Мне позвонил Молотов и сказал: «Соберите всех наркомов и объявите, чтобы в трехдневный срок с министерствами выехали в Куйбышев. В Москве оставили бы только охрану зданий. Военные министерства, т. с. которые изготовляют боеприпасы, танки, самолеты, ракеты и все необходимое для армии, должны в Москве оставить небольшие оперативные группы 10–15 человек для руководства производством».
Я к 12 часам ночи успел всех обзвонить наркомов, и они собрались у меня в кабинете. Ввиду того, что Серова знали почти все наркомы, то у них мой звонок не вызвал удивления.
Правда, когда уже стали собираться наркомы, у меня мелькнула мысль, что ведь фактически я собрал как бы совет народных комиссаров, только не было председателя и заместителей. Но раз мне поручил 1-й заместитель председателя СНК, то, видимо, и имел право.
Когда собрались, я проверил, все ли, по списку. Не было Папанина* — Главсевморпуть, Шашкова* — Речной флот и Малышева*. Но я не стал дожидаться и в час ночи сказал, что принято постановление ГОКО об эвакуации наркоматов в Куйбышев, и разъяснил порядок, снабжение подвижным составом и т. д.
Все понимали, что обстановка вынуждает это сделать, и вопросов задавали мало. Основной вопрос был задан, на который я сам не знал, что отвечать, это: «Наркомам уезжать или нет?»
Я и сам не знал, что на него ответить, так как мне и Молотов ничего не сказал. Но я подумал и сказал, что наркоматы, у которых остаются оперативные группы, должны остаться во главе их. И как потом подтвердилось, я угадал.
101
С легендарным разведчиком, будущим генералом Александром Коротковым судьба сведет Серова еще не один раз. Его имя встречается в записях разных периодов; взятие Берлина, подписание капитуляции, работа в освобожденной Германии, подавление венгерскою восстания.
Для понимания личности следует сказать, что как раз накануне их первой встречи осенью Коротков вернулся из Берлина, где сумел восстановить утраченную связь со знаменитой «Красной капеллой»; последний сеанс он провел уже после объявления войны, улизнув из окруженного гестаповцами посольства.

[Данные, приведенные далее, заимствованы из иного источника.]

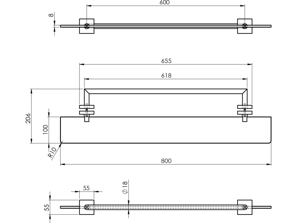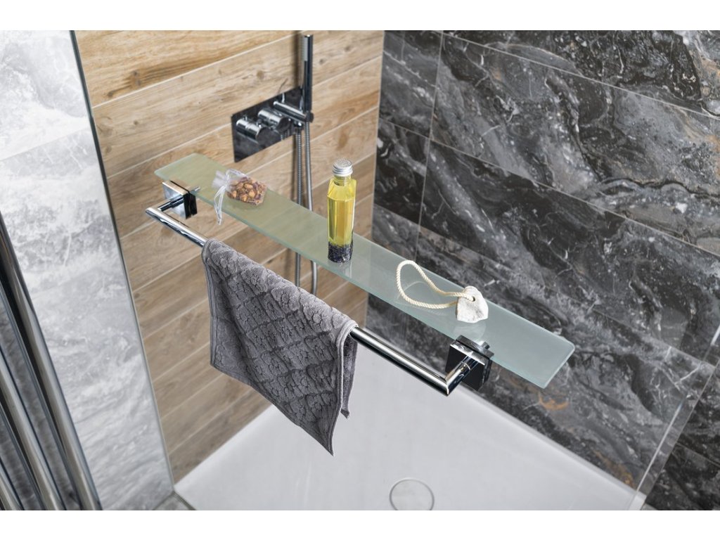Polysan X-SQUARE police s držákem osušky na skleněnou zástěnu, chrom XQ458

За эту операцию в октябре 1941 г. Коротков был награжден орденом Ленина.
Еще один орден (Красной Звезды) Коротков получил до этого за ликвидацию в Бельгии чекиста-перебежчика Георгия Агабекова и личного секретаря Троцкого Рудольфа Клемента.

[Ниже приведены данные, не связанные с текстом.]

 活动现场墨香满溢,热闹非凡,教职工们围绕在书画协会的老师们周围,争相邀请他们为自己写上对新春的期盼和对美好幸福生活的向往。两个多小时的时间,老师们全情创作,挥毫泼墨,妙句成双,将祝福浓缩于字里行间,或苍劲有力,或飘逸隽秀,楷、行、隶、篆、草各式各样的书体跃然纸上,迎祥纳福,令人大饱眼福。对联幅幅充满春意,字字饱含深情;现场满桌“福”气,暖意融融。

Впоследствии Коротков станет резидентом в Германии, возглавит нелегальную разведку, дорастет до зам. начальника внешней разведки КГБ. После ухода Серова из КГБ он окажется в числе немногих, кто сохранит отношения с бывшим начальником: они продолжат регулярно играть в теннис. Даже скончается Коротков именно во время матча с Серовым на стадионе «Динамо» 27 июня 1961 г.